You can also pull any existing public Datasets as a comma separated values (CSV) or a zipped CSV hyperlink on the web.

Discover

When you open a Dataset, Mammoth automatically creates the first View to help you start exploring your data. You can create an Explore card to do quick exploration and look for any quick insights, anomalies or pattern. Explore cards are a very powerful tool. For more information, see here

Creating Multiple Views

You build perspectives on the data through Views. Views give you the flexibility to transform your data through simple or complex Pipelines for you to analyze your data. Following are some points to note about Views:

  • You can create multiple Views on the same Dataset.
  • A View can blend data from single or multiple Datasets and Views.
  • Multiple Views can add their end data to the same Dataset.

Following are few examples that illustrate the power of having multiple Views of a Dataset:

  • Assume that you have raw data containing a large number of columns. Each column gives a different type of statistics about the subject of analysis. You may find it difficult to deal with so many columns. To simplify, you can create multiple Views on the same Dataset and hide the columns that are not relevant in each of the Views. Each View can then have a Pipeline that is relevant for analysis.
  • In another case, you may have a large number of columns in your data, but only a few of them should be exposed for downstream analysis. You can hide such columns and save the View as a new Dataset.
  • In another example, your data is in two different Datasets and you want to join them based on a common key that is present in both the Datasets. You can join data from another View with data in your current View to achieve this.
  • Your data could be coming from multiple data sources and structured differently.
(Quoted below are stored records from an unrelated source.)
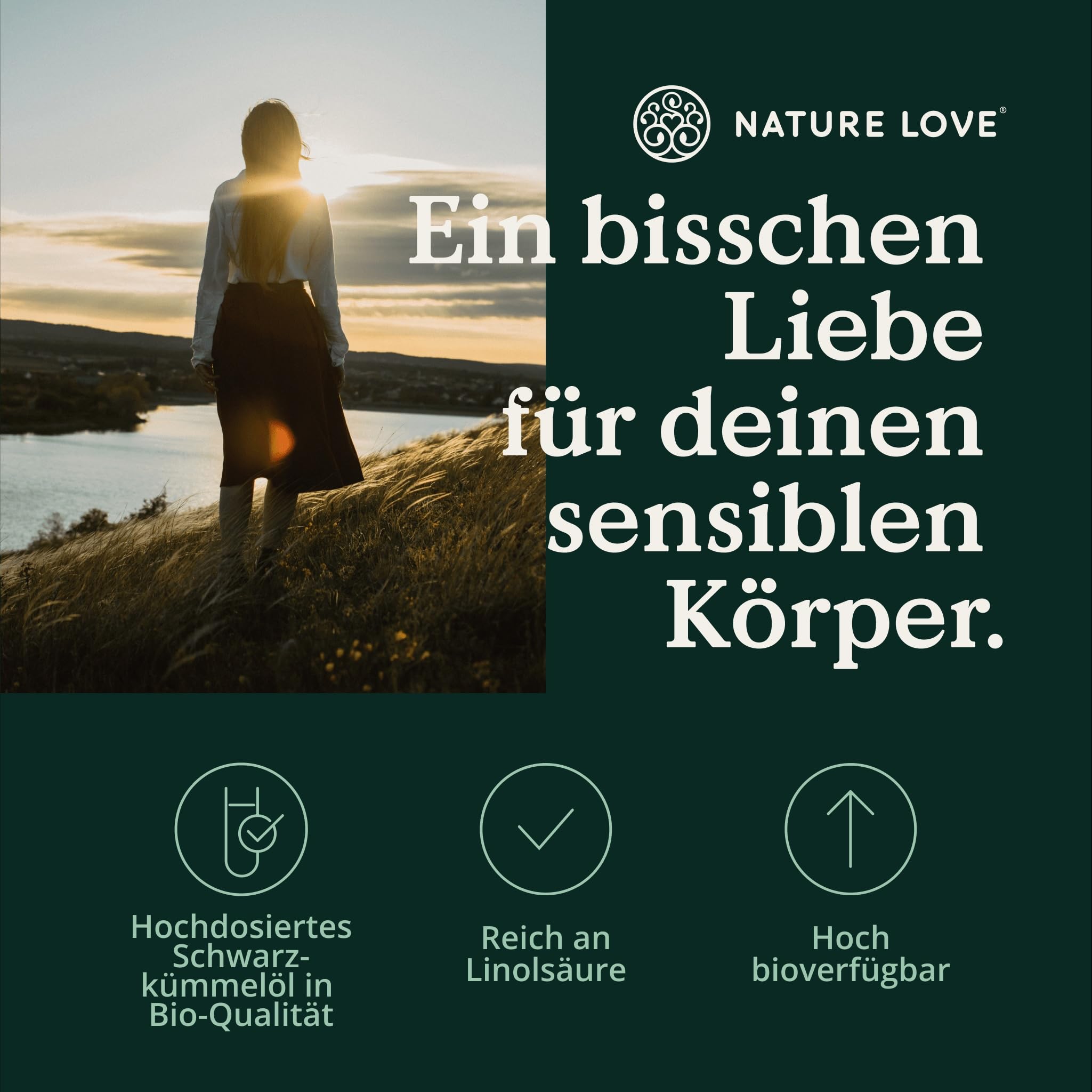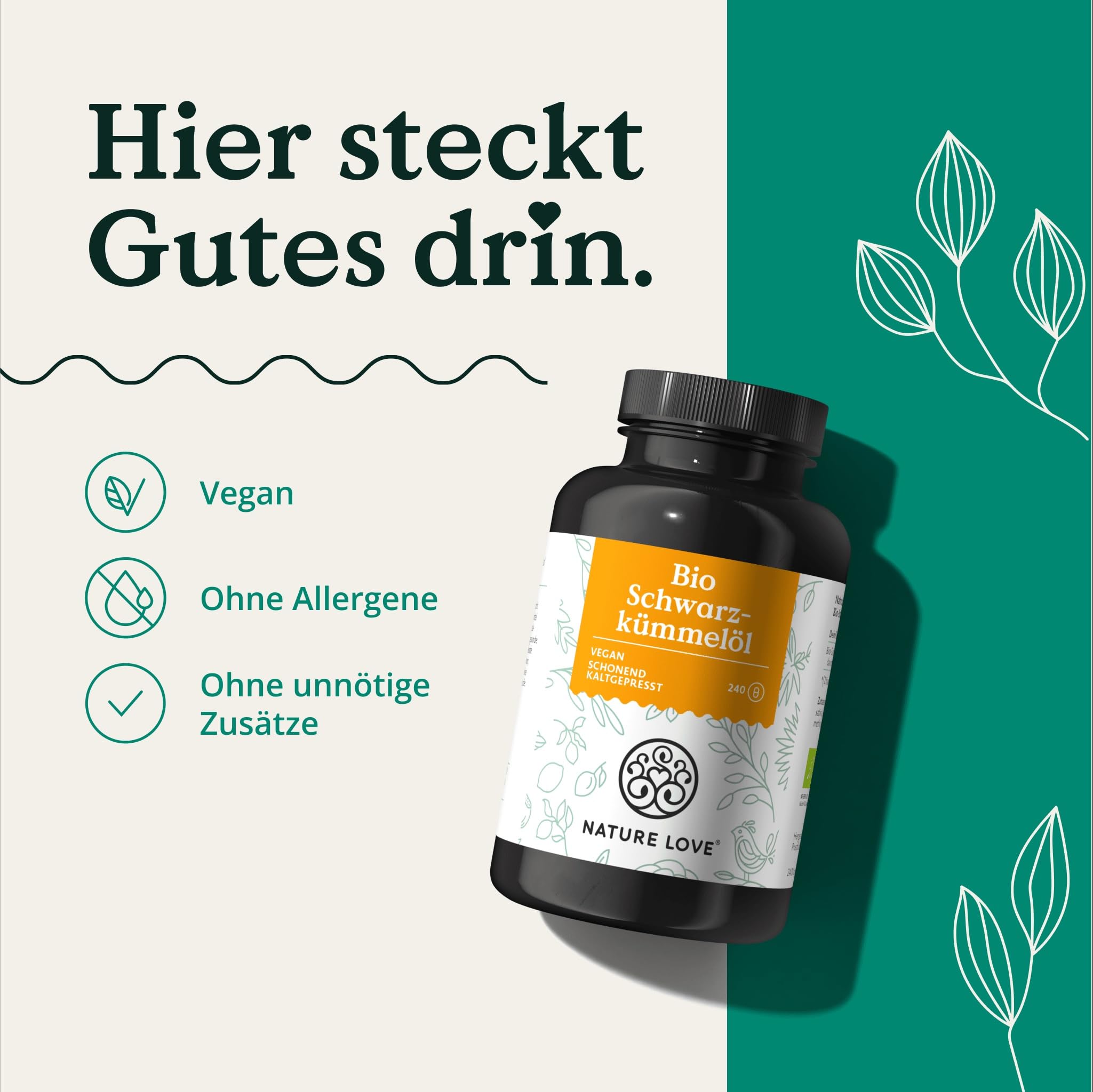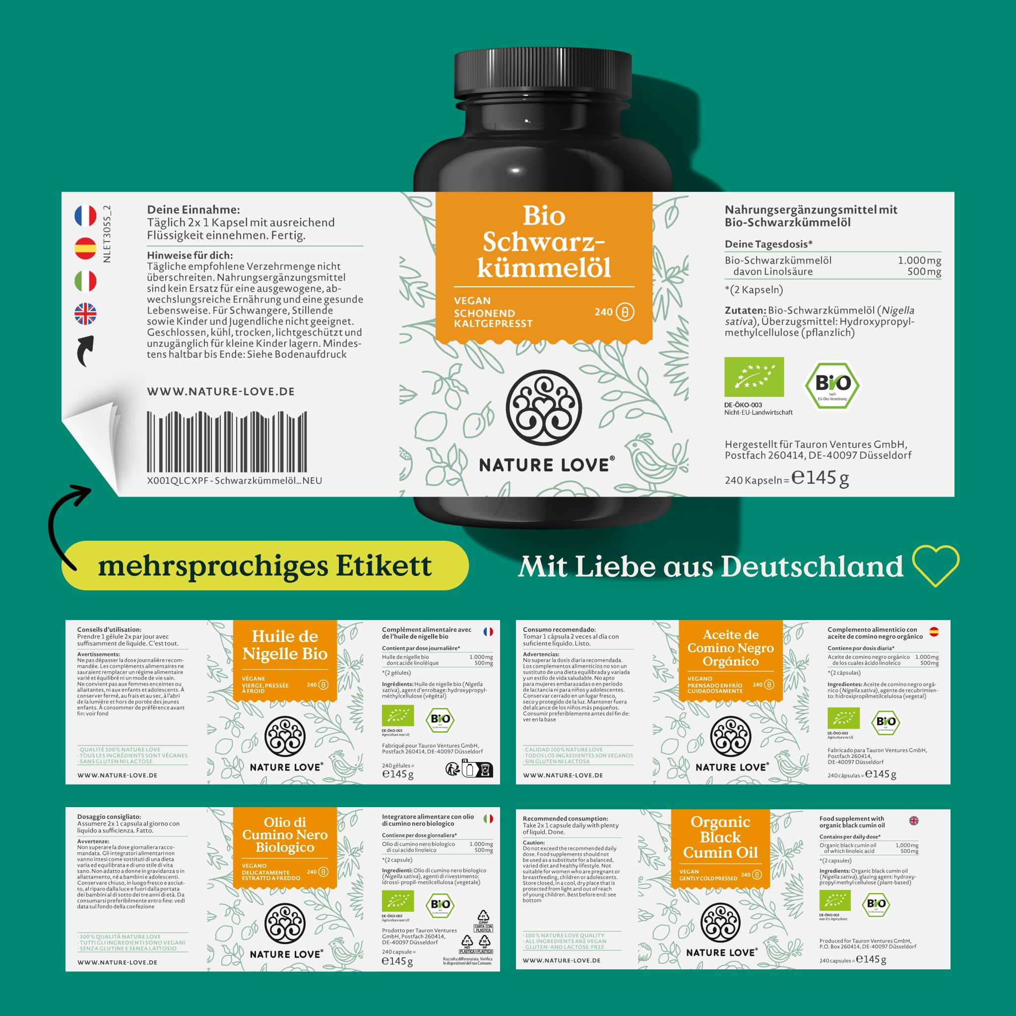 NATURE LOVE® Organic Black Cumin Oil - 240 vegan capsules - high dosage: 1000mg Egyptian per daily dose - of which 50% linoleic acid - cold-pressed, naturally produced and laboratory-tested
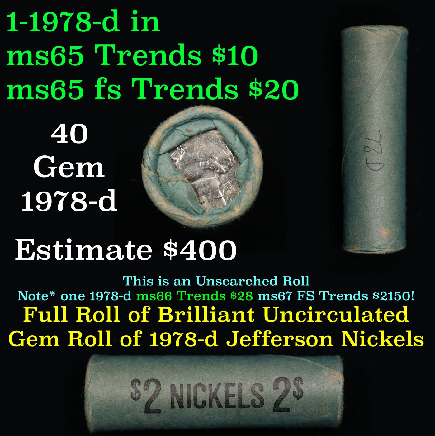 Shotgun Jefferson 5c roll, 1978-d 40 pcs Vintage Nickel Wrapper. A terrific Shotgun roll of unsearched Jefferson nickles. Most if not all coins should be gem or better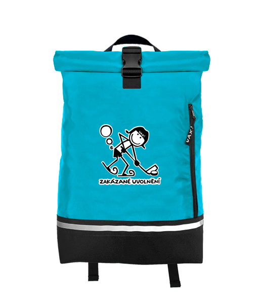 Original backpack ROLL-TOP SMALL with design 1059 ZAKÁZANÉ UVOLNĚNÍ in color BLUE ATOLL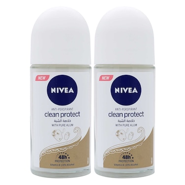 نيفيا كلين بروتكت مزيل عرق ببكرة دوارة بالألوم النقي 50 ملل حزمة من 2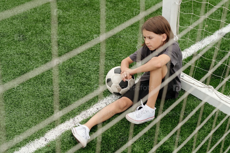 Печальный спокойный школьник в спортивной одежде, сидящий на зеленом футбольном поле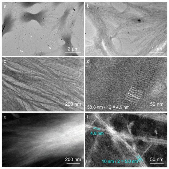 (a–d) TEM images of fibrous assemblies of Na-UPy-MnMo6 with different magnifications. (e,f) HAADF-TEM images of fibrous assemblies of Na-UPy-MnMo6. White arrows refer single fibers.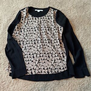 Beautiful blouse from designer, DVF. Mixture of black and tan heart print with all black sleeves. Great quality and condition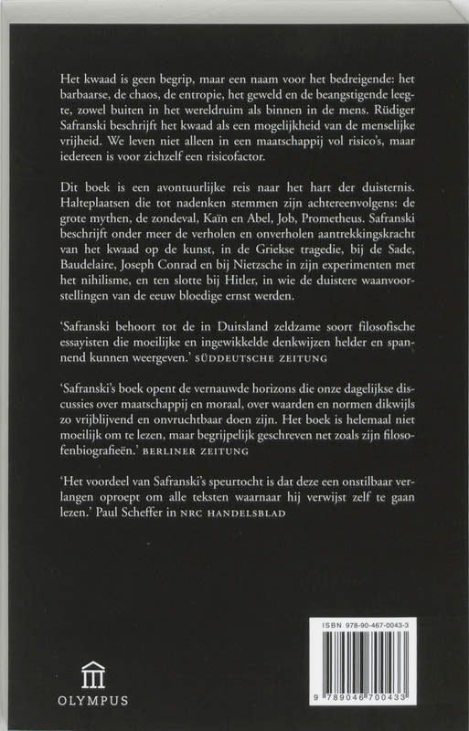 'Het kwaad' is geen begrip schrijft Rüdiger Safranski, maar een naam voor het bedreigende: het barbaarse, de chaos, de entropie, het geweld en de beangstigende leegte, zowel buiten in het wereldruim als binnen in de mens. Safranski beschrijft het kwaad als een mogelijkheid van de menselijke vrijheid. We leven niet alleen in een maatschappij vol risico’s, maar iedereen is voor zichzelf een risicofactor. Dit boek is een avontuurlijke reis naar het hart der duisternis. Halteplaatsen die tot nadenken stemmen zijn achtereenvolgens: de grote mythen, de zondeval, Kaïn en Abel, Job, Prometheus. Safranski beschrijft onder meer de verholen en onverholen aantrekkingskracht van het kwaad op de kunst, in de Griekse tragedie, bij de Sade, Baudelaire, Joseph Conrad en bij Nietzsche in zijn experimenten met het nihilisme, en ten slotte bij Hitler, in wie de duistere waanvoorstellingen van de eeuw bloedige ernst werden.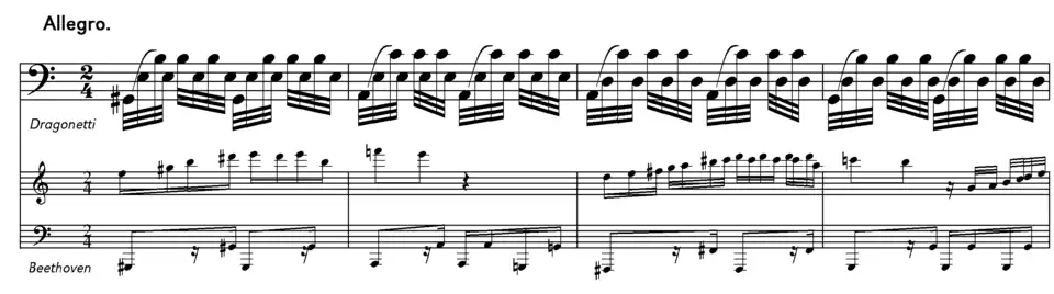 „Als ihn Dragonetti eines Morgens auf seinem Zimmer besuchte, sprach er den Wunsch aus, eine Sonate zu hören. Man ließ den Kontrabaß holen, und die Sonate Op. 5 Nr. 2[15] wurde gewählt. Beethoven spielte seine Partie, die Augen unverwandt auf seinen Mitspieler gerichtet; als aber im Finale die Arpeggios kamen, geriet er in eine so freudige Aufregung, daß er beim Schlusse aufsprang und Instrument und Spieler zugleich mit seinen Armen umschlang. Die unglücklichen Kontrabassisten in den Orchestern hatten während der nächsten paar Jahre häufig genug Gelegenheit, zu bemerken, daß diese neue Enthüllung über die Kräfte und Fähigkeiten ihres Instrumentes von Beethoven nicht vergessen worden war.“[16]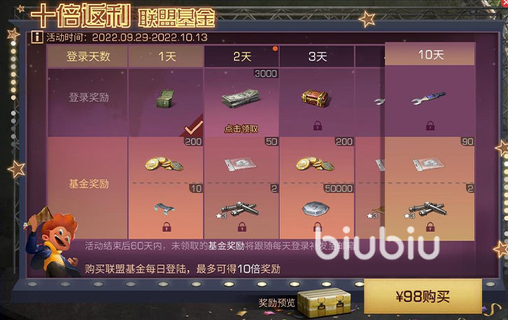 第三给活动是联盟基金,活动时间是从13号开始,活动开始后每天上线可以领取精美礼物之外,要是买了联盟基金就会给大家返还2100的信用点了,还有很多技能点以及其他奖励哦,玩家最多可以领取到最多10倍的奖励,非常划算。

You, however, have a standardized structure to final data. You can create Pipelines on each Dataset through its Views and create a standardized output and then append into a target Dataset.

Export/Save

After a Task is complete in a Task Pipeline, you can save your data to another Dataset or publish the data for further analysis to an external system like databases or visualization platforms like PowerBI or Elasticsearch/Kibana or Google Data Studio. Many external visualization tools connect to one of the supported databases.